1. Understand the Concepts
* Orbital Period (T): The time it takes for a satellite to complete one full orbit around the Earth.
* Orbital Radius (r): The distance from the center of the Earth to the satellite.
* Gravitational Acceleration (g): The acceleration due to gravity at the satellite's altitude.
* Centripetal Force: The force that keeps the satellite moving in a circular path.
2. Formulas
* Orbital Period (T): T = 2π√(r³/GM)
* Where:
* G is the gravitational constant (6.674 × 10⁻¹¹ m³/kg s²)

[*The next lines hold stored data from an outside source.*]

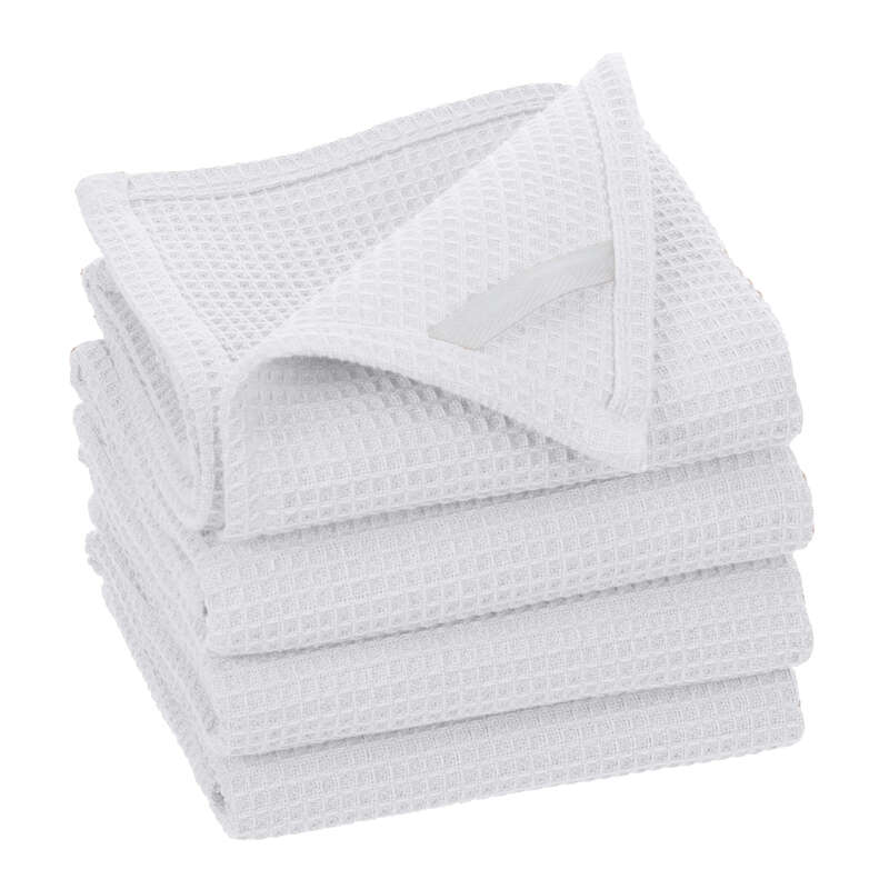 A tightly woven waffle texture from 100% cotton makes these kitchen linens highly absorbent for lint-free cleaning.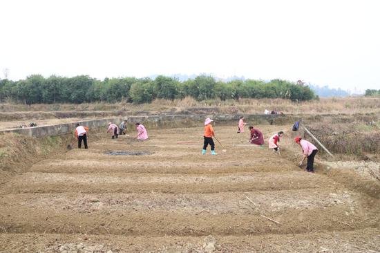 走进麻万镇花园村的千亩玉竹种植基地,连片的田垄规整排列,刚经过机器翻犁的土壤呈现出均匀的土黄色,透着浓浓的耕耘气息。田间,20余名务工群众分散在地头,手持农具有条不紊地开展覆土、清沟等管护作业。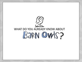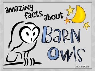 This document provides information about barn owls in 3 paragraphs. It discusses that barn owls like to live in barns and other man-made structures and can be found on every continent except Antarctica. It notes that barn owls are nocturnal birds of prey that hunt using excellent hearing. It provides some key facts about barn owls, such as that they have a 42 inch wingspan, lay 3-10 eggs, and only live about 2 years in the wild.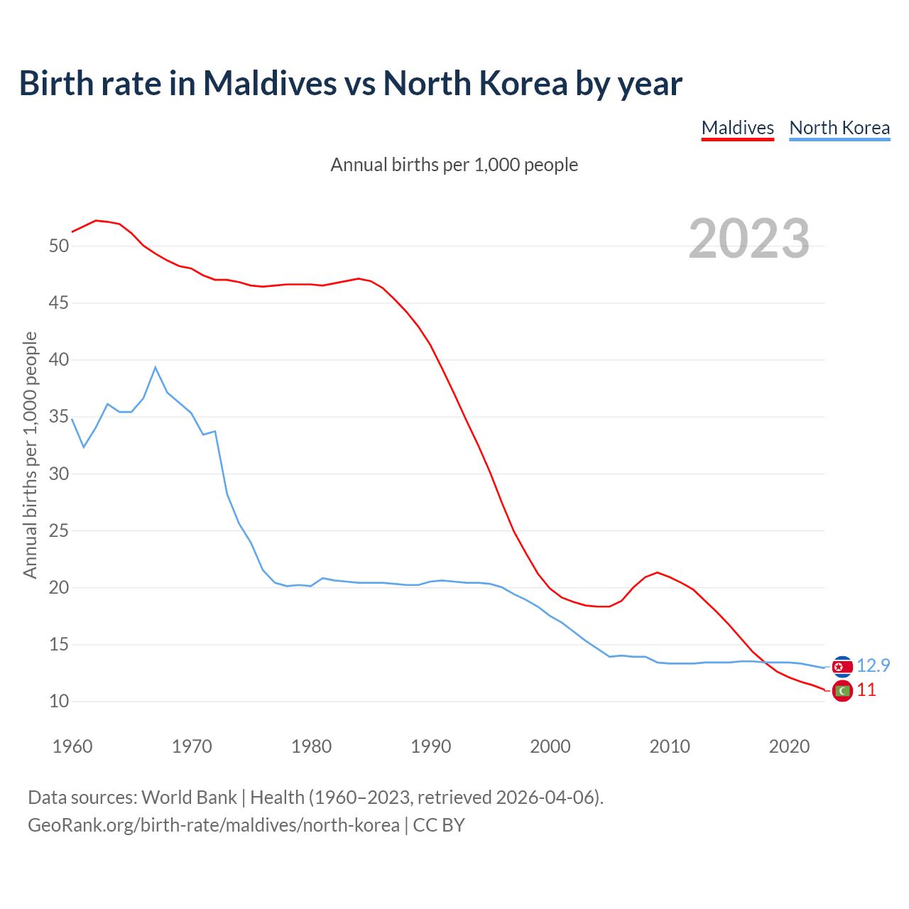 GeoRank.org/birth-rate/maldives/north-korea | CC BY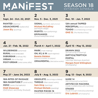 Pre-order the season-documenting hardcover anthology, the Manifest Exhibition Annual (MEA s18). Download to save or print the entire season 18 calendar here. |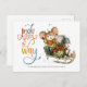 Söta möss som åker släde och ringer in vägen glitt vykort
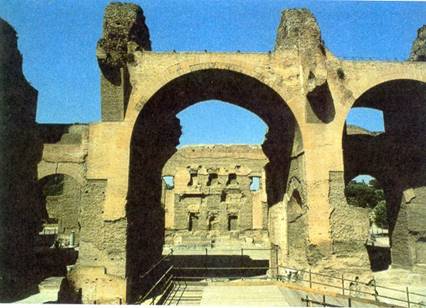 простые и такие шедевры архитектуры, как у Каракаллы, — были разбросаны по всей империи В каждом провинциальном городе были свои бани. Термы Каракаллы занимали колоссальную площадь с газонами, имели залы горячей, тёплой и холодной воды (калдарий, тепидарий, фригидарий). Они представляли собой сложные архитектурные сооружения, перекрытые сводами разных конструкций — высшее достижение инженерного гения. Их руины до сих пор поражают величием. А современники Каракаллы могли любоваться и блеском полудрагоценных камней, и позолотой, и мозаикой, и богатым декором, покрывавшим стены и своды терм.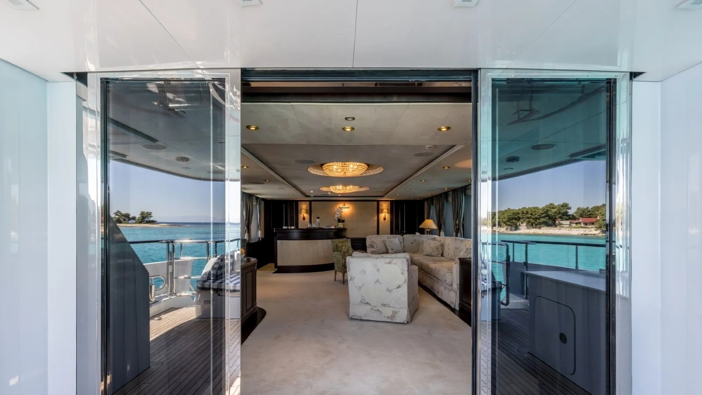 The main salon has a lavish feel with a luxury lounge area and bar decorated with rich fabrics and elegant furnishings. Glass doors lead out the aft deck thus seamlessly connecting the interior and exterior spaces.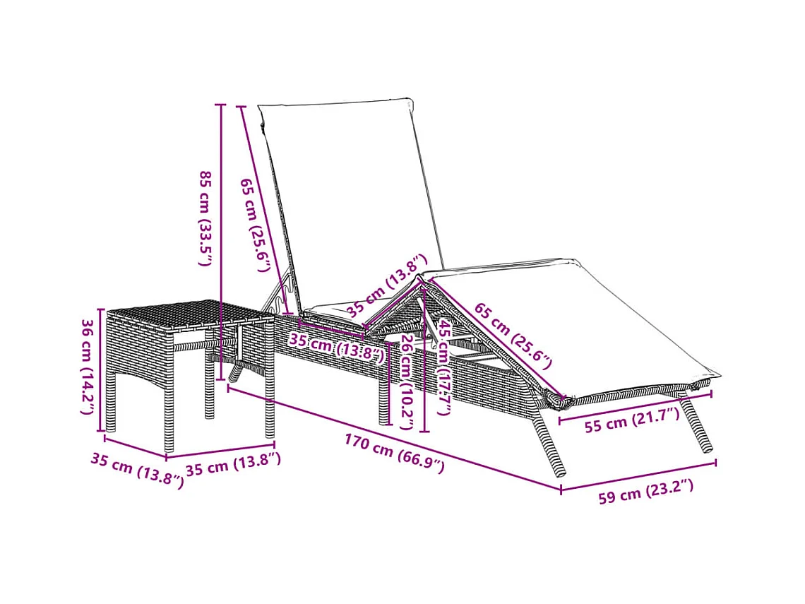 Lot de 2 Bains de soleil avec table Textilène et acier FR30660
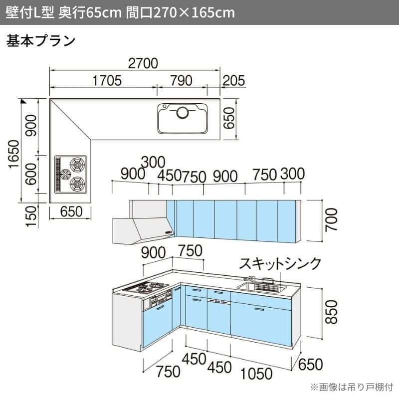 システムキッチン 流し台 本体 LIXIL 安い リフォーム おしゃれ システムキッチン リクシル シエラS 壁付L型 基本プラン ウォールユニットなし 食器洗い乾燥機なし 間口270×165/180cm 奥行65cm グループ2 流し台 おしゃれ 可愛い システムキッチン セミオーダー リフォーム DIY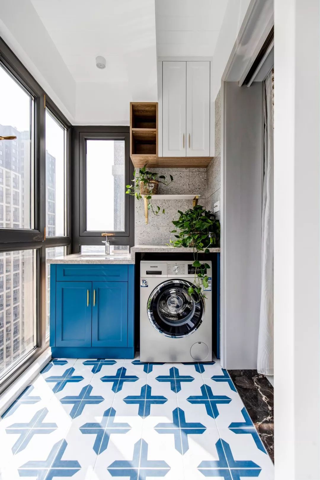 阳台一侧,洗漱池与洗衣机台面高低错落,顶部有效的空间都定制了收纳柜,颜值与功能兼得;地面选用蓝色系拼花地砖,呼应整体色调。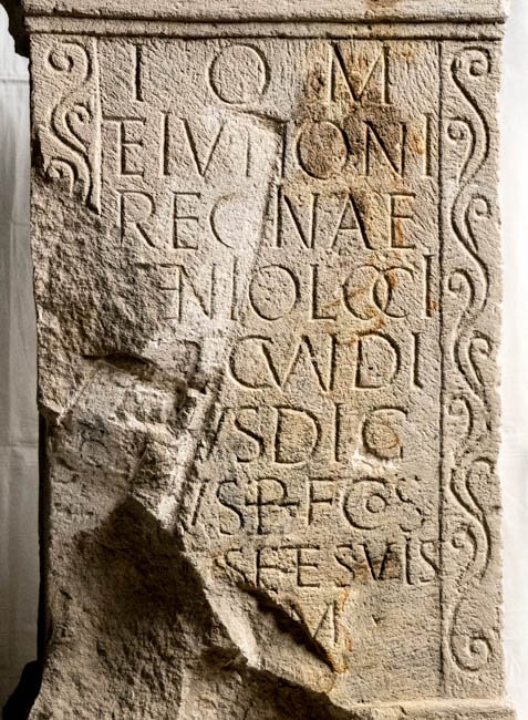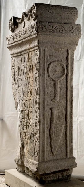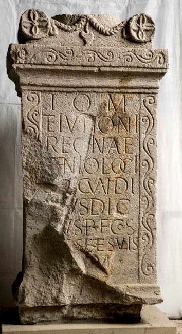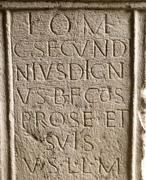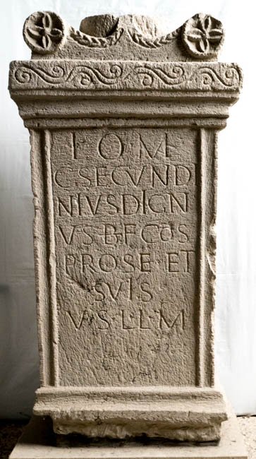 - I(ovi) O(ptimo) M(aximo) / et Iunoni / Reginae / Genio loci / [C(aius) S]ecundi/[ni]us Dig/[n]us b(ene)f(iciarius) co(n)s(ularis) / [pr]o se et suis / [v(otum) s(olvit) l(ibens) l(aetus)] m(erito) // I(ovi) O(ptimo) M(aximo) / C(aius) Secundi/nius Dign/us b(ene)f(iciarius) co(n)s(ularis) / pro se et / suis / v(otum) s(olvit) l(ibens) l(aetus) m(erito)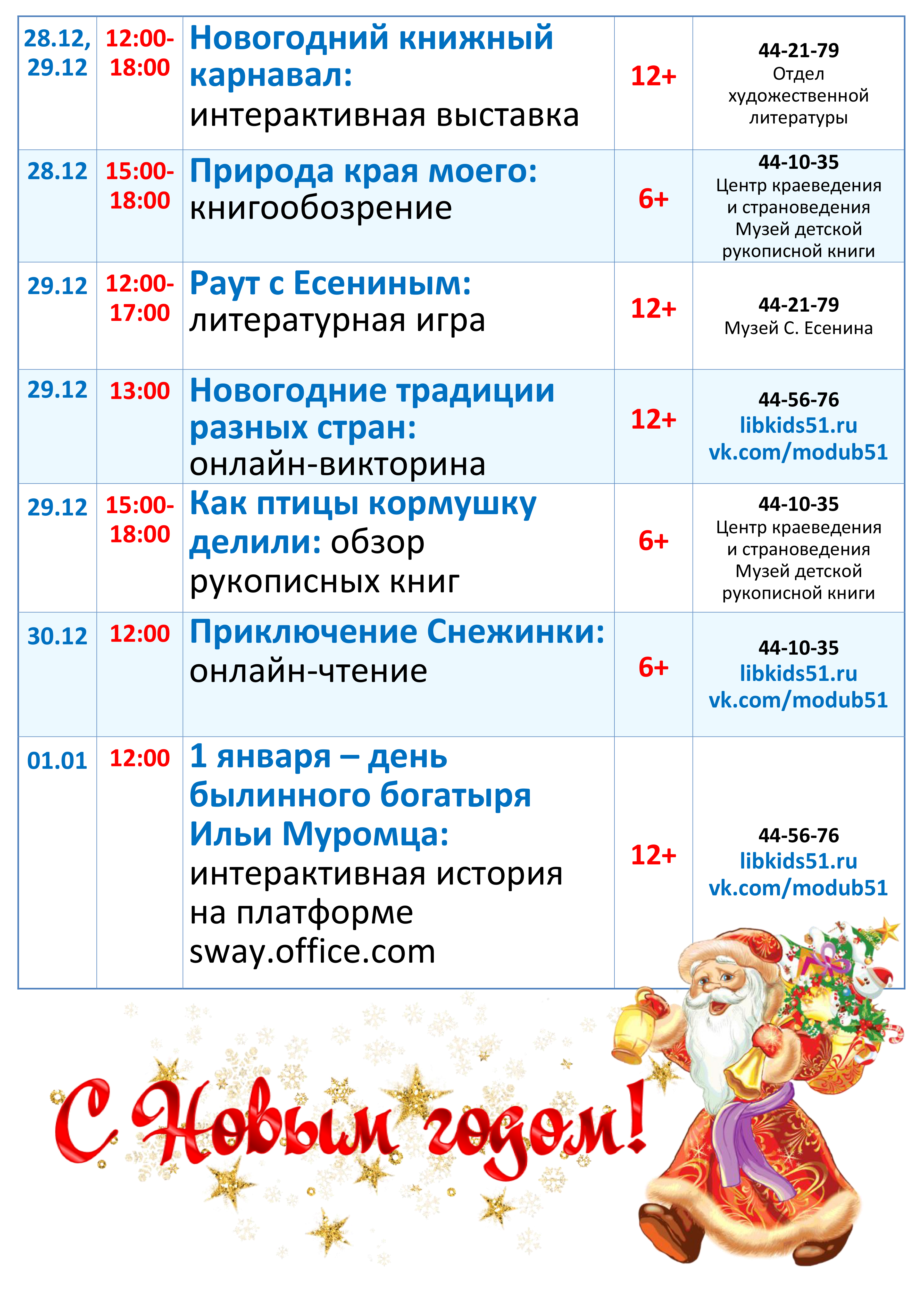 Уважаемые посетители, знакомьтесь с программой мероприятий, проводимых в библиотеке с 27 декабря 2021 г. по 02 января 2022 г

* M is the mass of the Earth (5.972 × 10²⁴ kg)
* Orbital Velocity (v): v = √(GM/r)
3. Calculations
* Calculate the orbital radius (r):
* The radius of the Earth is approximately 6371 km.
* r = 6371 km + 400 km = 6771 km = 6.771 × 10⁶ m
* Calculate the orbital velocity (v):
* v = √(GM/r)
* v = √((6.674 × 10⁻¹¹ m³/kg s²)(5.972 × 10²⁴ kg) / (6.771 × 10⁶ m))
* v ≈ 7668 m/s
4. Convert to km/h (optional):
* v ≈ 7668 m/s * (3600 s/h) / (1000 m/km) ≈ 27605 km/h
Therefore, the speed of the satellite is approximately 7668 m/s or 27605 km/h.